O draft da NFL é o auge para muitos jogadores, muitos dos quais sonharam por anos em ouvir seus nomes chamados pelo comissário Roger Goodell na frente de milhões de telespectadores.

Mas em 2020, enquanto os jogadores comemoravam a chegada ao ranking profissional, a transmissão ampliou suas tragédias pessoais.

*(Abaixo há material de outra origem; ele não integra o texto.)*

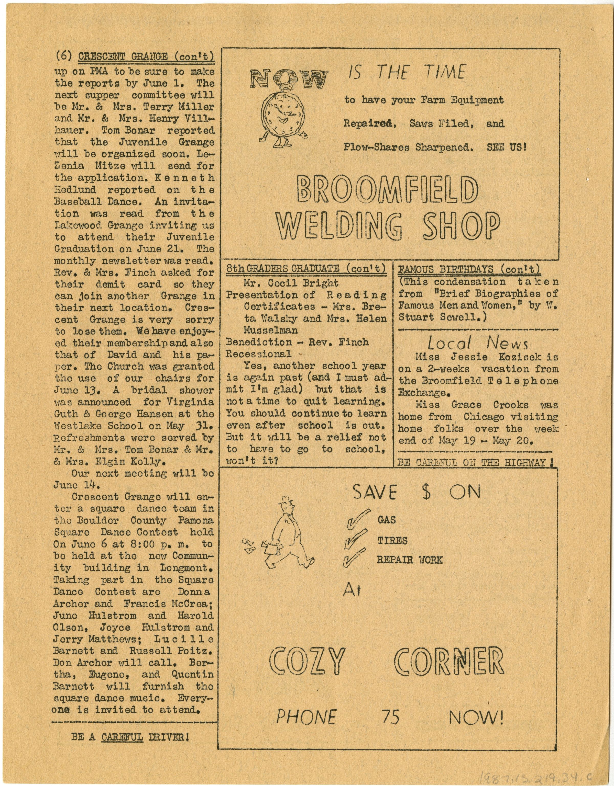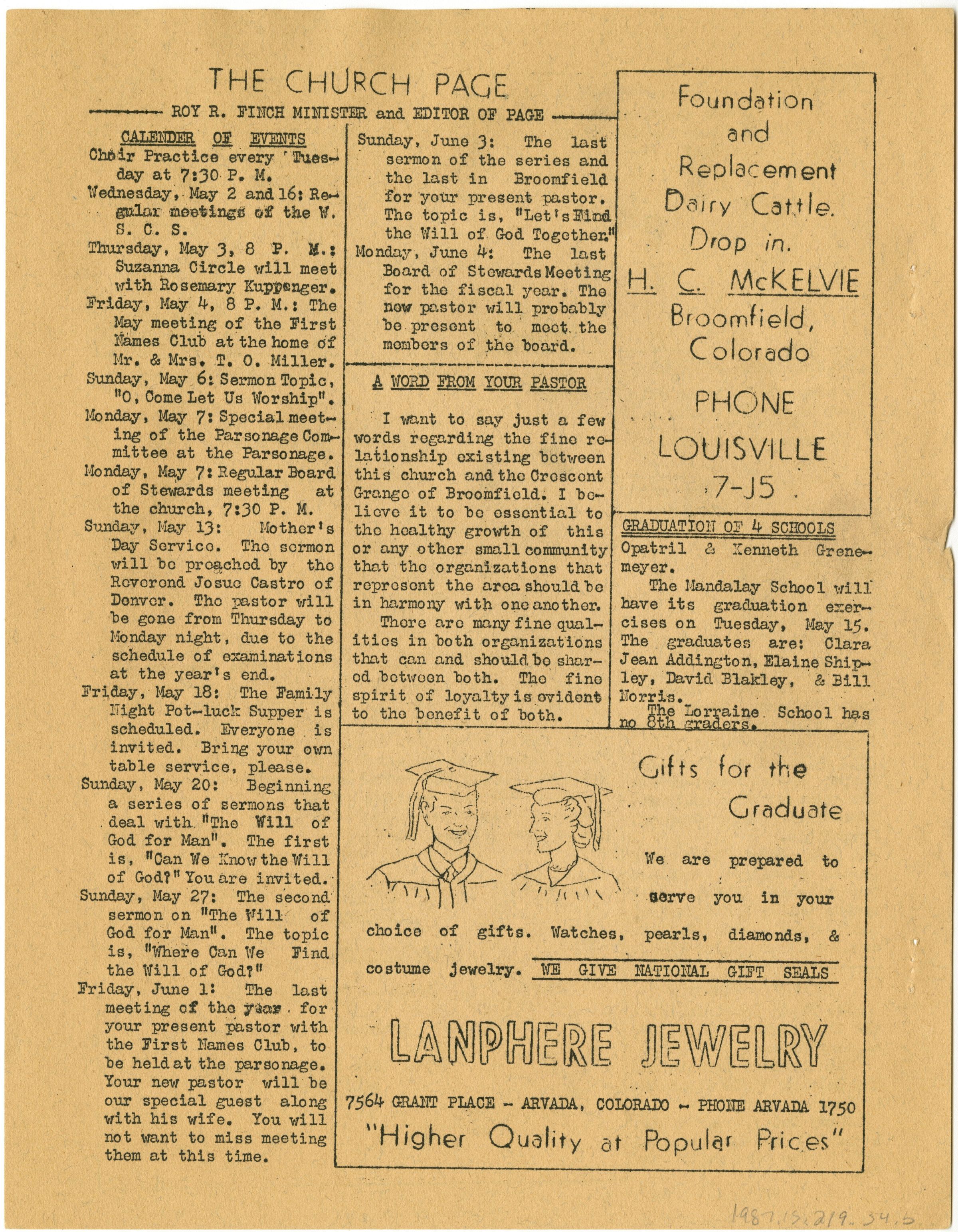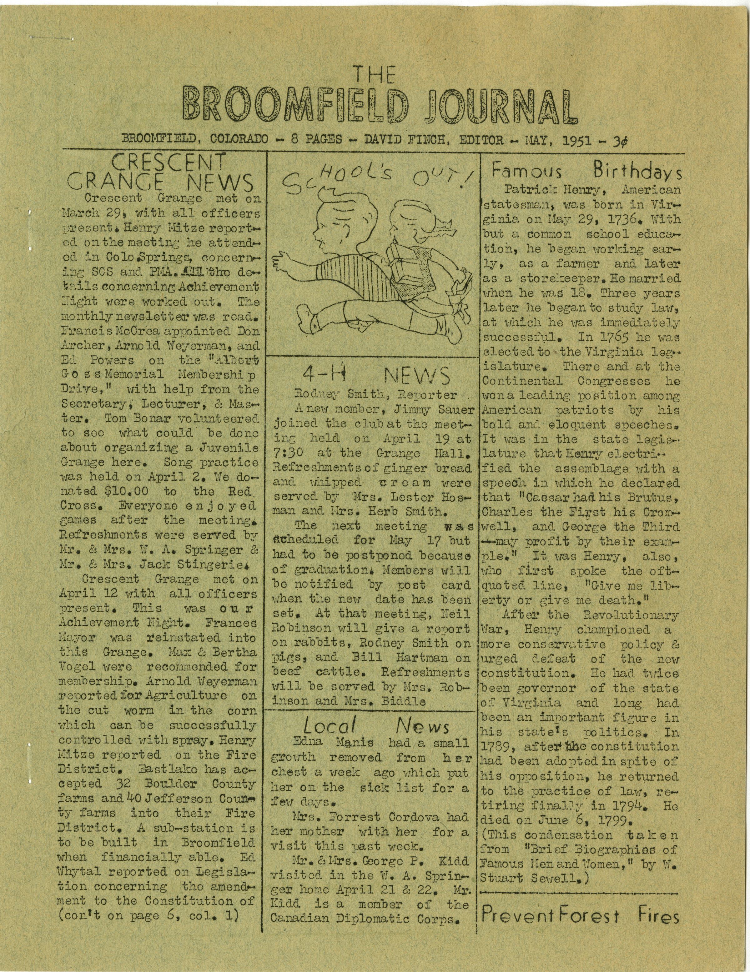 b: Broomfield, Colorado - 8 Pages - David Finch, Editor - May 1951 - 3c.

Em uma instância amplamente condenada, como Tee Higgins, o wide receiver da Clemson University, foi escolhido em 33º geral pelo Cincinnati Bengals, ele colocou o boné do time e abraçou a família e amigos que se sentaram ao lado dele em Knoxville, Tennessee. A ESPN então mostrou aos telespectadores um gráfico que, entre outros detalhes biográficos, destacava o vício em drogas de sua mãe no passado.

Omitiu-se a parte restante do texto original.